Cant put it off any longer, so have to ask what is probably a dumb question  , what is the difference between an "electric" watch and a quartz battery watch, i mean the latter is running from an "electric" battery - Brian


----------



## Silver Hawk (Dec 2, 2003)

Simple really....they both have a battery but an "electric" or "electronic" movements pre-dates quartz.....instead they either have a tuning fork or a balance wheel....but no quartz :yucky: :


----------



## fernface (Mar 9, 2011)

Thank you :thumbup: , nice simple answer that even i can understand, cheers!


----------



## Morris Minor (Oct 4, 2010)

Electric / electronic with balance wheel:










and with Tuning Fork:










Stephen


----------



## mel (Dec 6, 2006)

You may ocasionally come across a strange "hybrid" in a Timex Quartz which has a balance wheel controlled by a quartz PCB. Silver Hawk is the "man" for Electrics, our resident "GURU" on Electric Watches. :lol:


----------



## fernface (Mar 9, 2011)

Thanks for the replies.
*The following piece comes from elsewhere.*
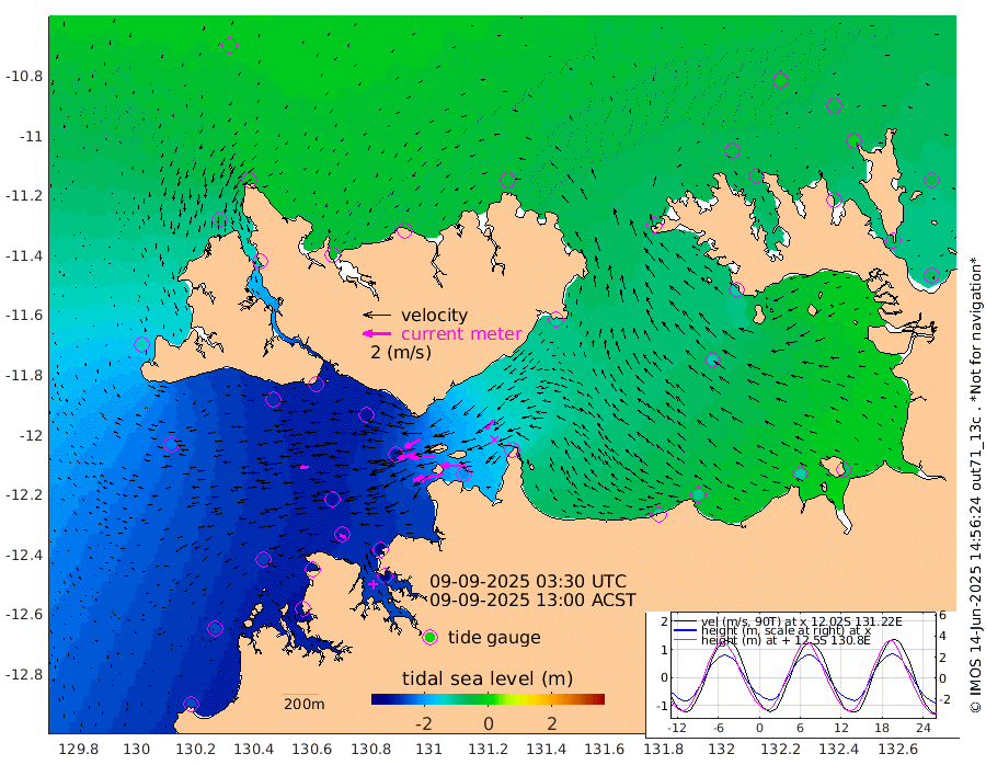 221cm/s -102T +4cm/s rms + 6cm/s 51T. Darwin_C1 52m 172cm/s -90T +4cm/s rms + 7cm/s -161T. Darwin_CW1 22m 132cm/s -107T +4cm/s rms + 8cm/s 61T. Darwin_CW2 34m 99cm/s -134T +3cm/s rms + 9cm/s 98T. Darwin_CW3 22m 184cm/s -91T +5cm/s rms + 7cm/s 88T. Darwin_C3 56m 124cm/s -115T +2cm/s rms + 9cm/s -126T. Darwin_CTbW 22m 57cm/s -95T +1cm/s rms + 1cm/s -47T. DARBGF 30m 47cm/s -70T +4cm/s rms + 3cm/s 80T. NRSDAR 19m -11cm Goodrich Bank -249cm Point Jenny -249cm Native Point -263cm Fish Reef -282cm Tapa Bay -131cm Point Fawcett (Offshore) -300cm Burge Point -272cm Munkunuwa -224cm Beagle A -295cm Parsons Bank -294cm Fenton Patches -286cm Hancox Shoal Area -307cm Nightcliff -316cm Darwin -288cm Charles Point Patches -209cm Glyde Point -128cm Chambers Bay -111cm Point Stuart -168cm Cape Hotham -120cm Christine Reef -113cm West Alligator Head -81cm East Field Island -117cm Two Hills Bay -121cm Camp Point -273cm Medina Inlet South -118cm South Barlow Point -76cm St. Asaph Bay -20cm Cape Van Dieman -29cm Snake Bay -20cm Cache Point -41cm Point Jahleel (Off) -86cm Cape Don -47cm Port Essington -53cm Smith Point - West -46cm NW Peacock Island -22cm North Of Jones Shoal -10cm Peacock Island -68cm Point David -57cm D'urville Point -71cm Copeland Island -60cm One Tree Point

Its been bugging me ever since i joined the forum, and saw the "electric" sub forum


----------



## William2 (Jul 6, 2011)

Ditto fernface, but I was too vain/ashamed/nervous to ask!


----------



## mel (Dec 6, 2006)

Always remember Guys, there's no such thing as a dumb question - -









#You may get a dumb answer or two tho' - specvially from me :rofl2:


----------



## bridgeman (Dec 9, 2008)

then theres the accuquartz-tuning fork AND quartz crystal :wallbash: :thumbup:


----------